I. What do potential riders want out of a transit system?

The IRTA surveyed slightly more than 8,000 residents of the Dallas region and found that “traffic congestion” was the number one travel problem cited by an overwhelming majority of the respondents. It was followed closely by “slow travel” and “high cost.” If the IRTA wants to make people happy, it had better come up with a system that is fast and reasonably priced.

For the benefits of transit to be obvious, the system will have to be faster than expressway driving and cheaper than down-town parking. Heidi says this is possible. By the turn of the century, the Greater Dallas Mobility Study predicts that rush-hour traffic will poke along at 17 miles per hour. Already some downtown parking spaces are $6 a day. On our rail routes the average speed would be better than 30 miles per hour, and the per-passenger cost would be less than $1, in constant 1982 dollars.

If people start riding the rails, the congestion should take care of itself. One rail car can hold the same number of passengers as 154 typical autos.

2. How big a role should public transit play?

At one extreme, public transit could be considered a form of welfare: a tax-supported guarantee that those without autos can get around the city. It also could be viewed as a business, pure and simple, running only on profitable routes and carrying only passengers who fully pay their way. (Cars, of course, are “tax supported” in the sense that taxes pay for streets and the government employees who keep them reasonably safe -though less than half as safe as rapid transit.)

Somewhere in the middle lies the answer adopted by Heidi, who is a nut for efficiency: Bus transit should be provided wherever there are enough riders to pay about half the system’s operating expenses. Half is typical for large urban systems, including Dallas, and the tax subsidy recognizes the favor the bus riders are doing the rest of us auto-drivers by not clogging the highways or causing additional pollution.

High-capacity rail transit should be provided when it is more efficient than bus or auto service in the use of land, energy, labor and capital goods. Any rail line carrying more than 1,900 persons per direction during rush hour theoretically can save on labor costs compared to bus systems. At 3,000 passengers per hour, the rail system will be more energy-efficient than autos and buses (including construction energy) and will use land more efficiently than a freeway. Within 18 years, 10 potential rail lines in Dallas should reach the 3,000-passenger-per-hour level.

3. Where is there a demand for rail service?

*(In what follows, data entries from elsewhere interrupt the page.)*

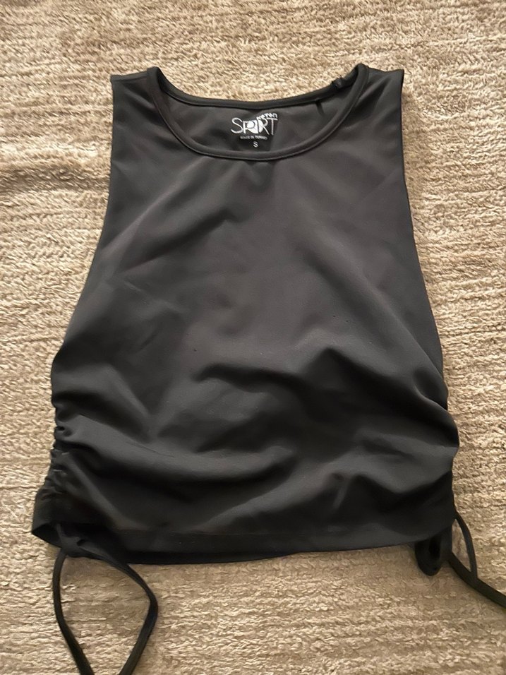 Kolsuz, yüksek yakalı ve vücuda oturan siyah crop top. Pürüzsüz sentetik kumaştan, spor ve günlük kullanıma uygun. Yanları büzgülü çok güzel gösteriyorr
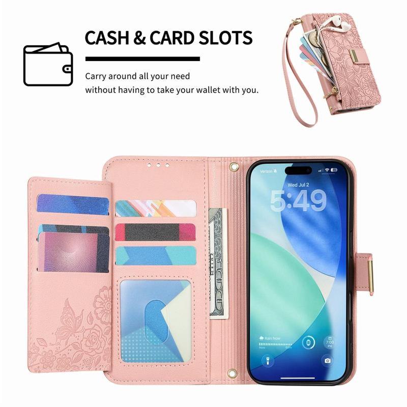 Spre deosebire de carcasele obișnuite pentru iPhone Air, această husă portofel all-in-one combină protecția, organizarea și eleganța. Imprimeul floral îi conferă un aspect elegant, în timp ce buzunarul cu fermoar și cureaua de încheietură asigură un confort de neegalat pentru viața de zi cu zi și pentru călătorii.
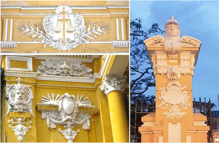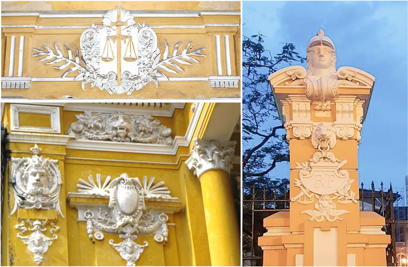 Nghệ thuật điêu khắc cho thấy sự pha trộn phong cách Barocco, Roccoco và hình tượng văn hóa bản địa. Các hoa văn trang trí phong phú, cầu kỳ, thể hiện nội dung pháp luật: Đầu sư tử, cán cân công lý, sách luật… với độ tinh xảo cao. Hình ảnh của người bản địa, với trang phục truyền thống, các chi tiết trang trí tượng trưng cho các nước Đông Dương: Tàu lá chuối và bụi môn (Việt Nam), cành cọ (Campuchia) được kết hợp hài hòa theo tinh thần chiết trung. [1]

Since rail lines are long and narrow, they serve long, narrow areas called “corridors.” The authority carved Dallas County into 10 transit corridors, consisting of nine pie-shaped wedges centered on the Dallas Central Business District (CBD) plus one cross-town route centered on North LBJ Freeway.

They found, to no one’s surprise, that the best transit area was northeast of the CBD, from downtown to Piano. A transit line down Central, on which the pie slice is centered, could draw 89,100 transit trips per day by the turn of the century. Overall, the corridors look something like this:

-Northeast: 89,100 trips a day over a 20-mile route following Central to Spring Creek Parkway in Piano. Or 69,800 following the Southern Pacific right of way parallel to Central.

– East: Along the Missouri-Kansas-Texas tracks to Garland, 29,800 over 11.1miles.

-Southeast: Along I-30 to Mesquite and beyond, 31,800 over 12.4 miles.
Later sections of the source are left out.